We then take the first 8 characters of the i-m-p hash to create the
attestation-ID: 2a02abe0-215cf3f1-2acb5798.

### One attestation document per many patches

The same process is repeated for all patches in the series. The 
resulting YAML document is then PGP-signed and sent to 
signatures@xxxxxxxxxx. The metadata of that message is intentionally 
kept to a minimum in order to minimize PII-sensitive data and
reduce the potential for GDPR removal requests.

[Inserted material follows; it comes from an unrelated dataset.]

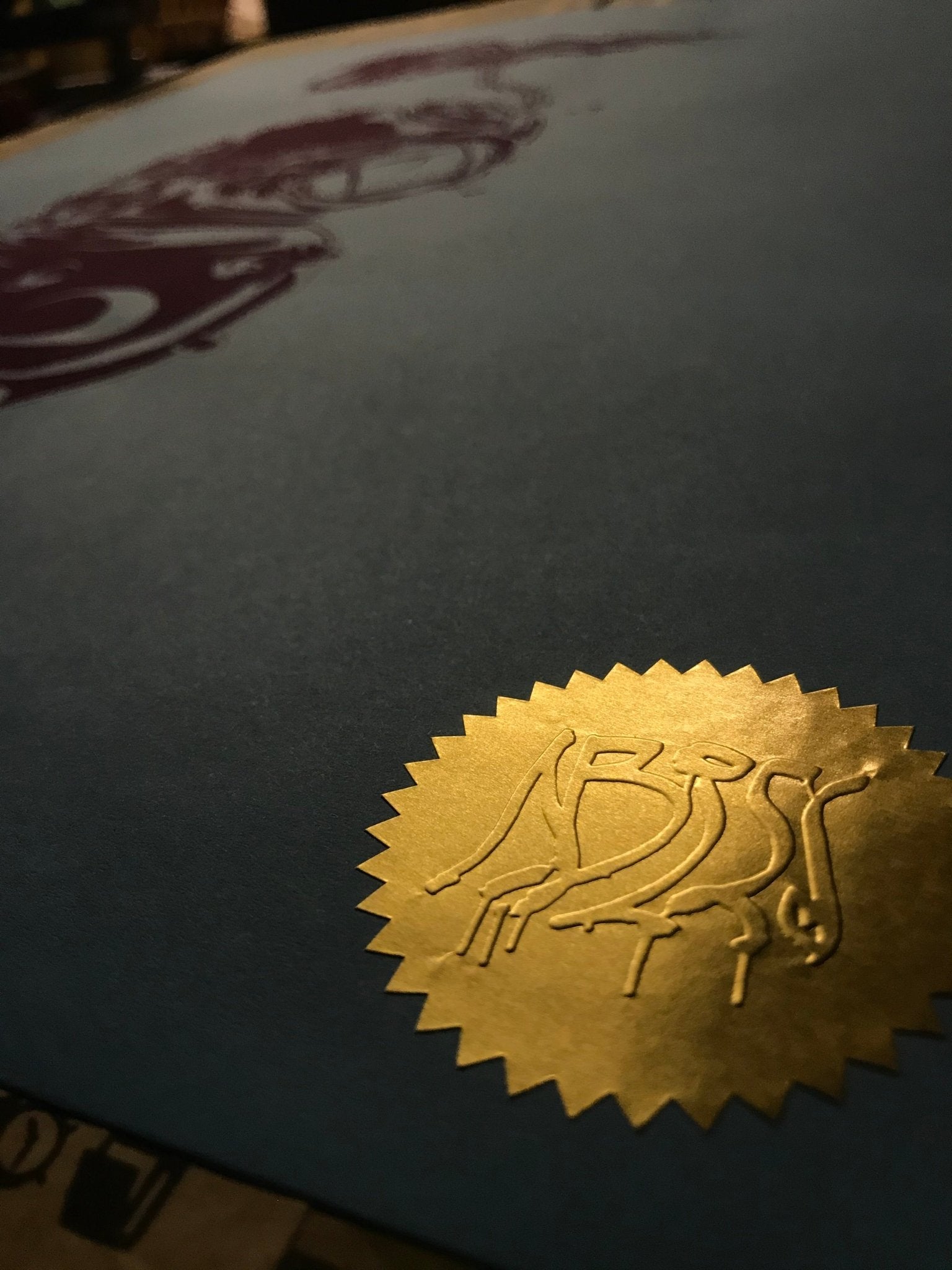 Embossed golden Abiss logo non-removable sticker for authenticity. Serigraphs are numbered and signed on the back of the print in the lower left corner.
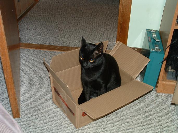 Keywords: Schmitty.JPG en Schmee Schmee Own Schmittyblack 7/1/07 Me None Solid black cats Cats in boxes

Since the content of this document is extremely structured, we can 
develop a simple public-inbox filter to almost completely reduce the 
possibility of adding spam into the archive. We can also create a simple 
ingestion URL that can consume POST requests containing attestation data 
that will serve as an alternative to sending out the attestation email.

## Verification process

To perform verification, the same three hashes are generated for each 
patch being attested, along with the i{8}-m{8}-p{8} attestation-id. We 
then use that attestation-id to query the signatures archive on 
lore.kernel.org:

https://lore.kernel.org/signatures/?q=2a02abe0-215cf3f1-2acb5798

For each returned result, we perform PGP validation, and if it passes 
(meaning that we have the key in the local keyring and it is assigned 
sufficient trust), we then parse the message contents.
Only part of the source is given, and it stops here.